By Sean Stannard-Stockton
October 1, 2009 | Link to Chronicle of Philanthropy

According to Paul Brest’s excellent book Money Well Spent, strategic philanthropists devise ways to solve problems and select grant recipients who can best carry out the approaches donors think will work best.

Another breed of donors is growing — people I refer to as tactical philanthropists.

While strategic philanthropists seek to solve social problems, tactical philanthropists are social investors.

Investors, in both the for-profit and the nonprofit contexts, provide capital to organizations that solve problems. Good investors take great interest in the solutions deployed by the organizations they finance, but they themselves are not problem solvers.

As many philanthropists have rushed to use the currently trendy vocabulary of financial investments when they talk about giving, the meaning of the word “investment” has become confused. A true investment is not defined by whether the investor earns a profit — whether and how much money is returned are just terms of the deal — but the intention of the transaction.

Tactical philanthropists view their grant-making activity as investing in nonprofit organizations because they are not simply paying organizations to carry out programs, they are providing the capital needed to operate and expand a great organization.

Venture philanthropists represent one approach to tactical philanthropy. They provide capital to support a portfolio of nonprofit groups the way a tactical philanthropist does, but a venture philanthropist generally gets very involved in how an organization works. Venture philanthropists may expect a seat on the board for large capital commitments or expect that the nonprofit organization be receptive to extensive nonmonetary support, such as management training.

Venture philanthropy done well and with nonprofit organizations that welcome a highly involved supporter can produce outstanding results.

But getting donors involved is not automatically a panacea. According to “More Than Money,” a report by the Center for Effective Philanthropy, most foundations that provide assistance beyond a grant provide only limited support.

“Providing just two or three types of assistance to grantees appears to be ineffective,” the report says. “It is only in the minority of cases when grantees receive either a comprehensive set of assistance activities or a set of mainly field-focused types of assistance that they have a substantially more positive experience with their foundation funders than grantees receiving no assistance.”
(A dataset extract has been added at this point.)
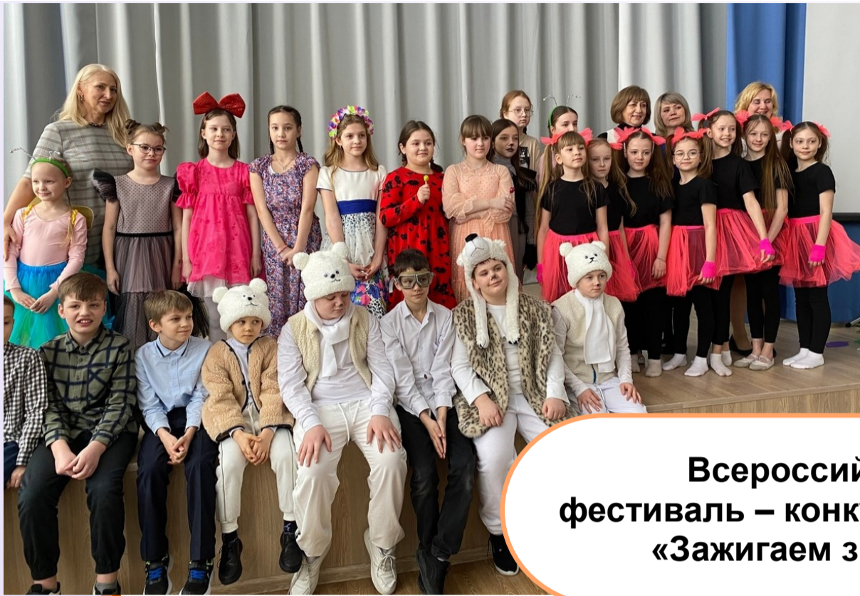
Всероссийский фестиваль – конкурс искусств «Зажигаем звезды»

Tactical philanthropists can also be investors who do not focus on providing assistance beyond a grant. Warren Buffett, one of the greatest investors of all time, is known to ask many questions of the companies he is invested in, but does not dictate how they run their businesses. He invests only in organizations where he thinks management is competent and knows best what decisions to make. Mr. Buffett has said, “When you have able managers of high character running businesses about which they are passionate, you can have a dozen or more reporting to you and still have time for an afternoon nap.”

Both venture philanthropists and social investors who take a hands-off approach have something in common. They put their energy into choosing the organizations in which they invest rather than the problems they wish to solve. Tactical and strategic philanthropists both seek a better world in which the problems we face have been solved, but tactical philanthropists see their role as supporting organizations that can achieve social change rather than solving problems themselves.

As one tactical philanthropist told me recently, “I don’t know how to fix the problems in our city, but I know who knows how to fix those problems and it is our job to support them.”

There is no doubt that we need both strategic and tactical philanthropists. But in recent years, the phrase strategic philanthropy has begun to be used as shorthand for “effective” philanthropy.

We do not all need to be problem solvers. Many outstanding problem solvers are hard at work in nonprofit organizations around the world. In many cases, the best approach might be for philanthropists simply to invest in these organizations and provide them the capital they desperately need to carry out their solutions and grow.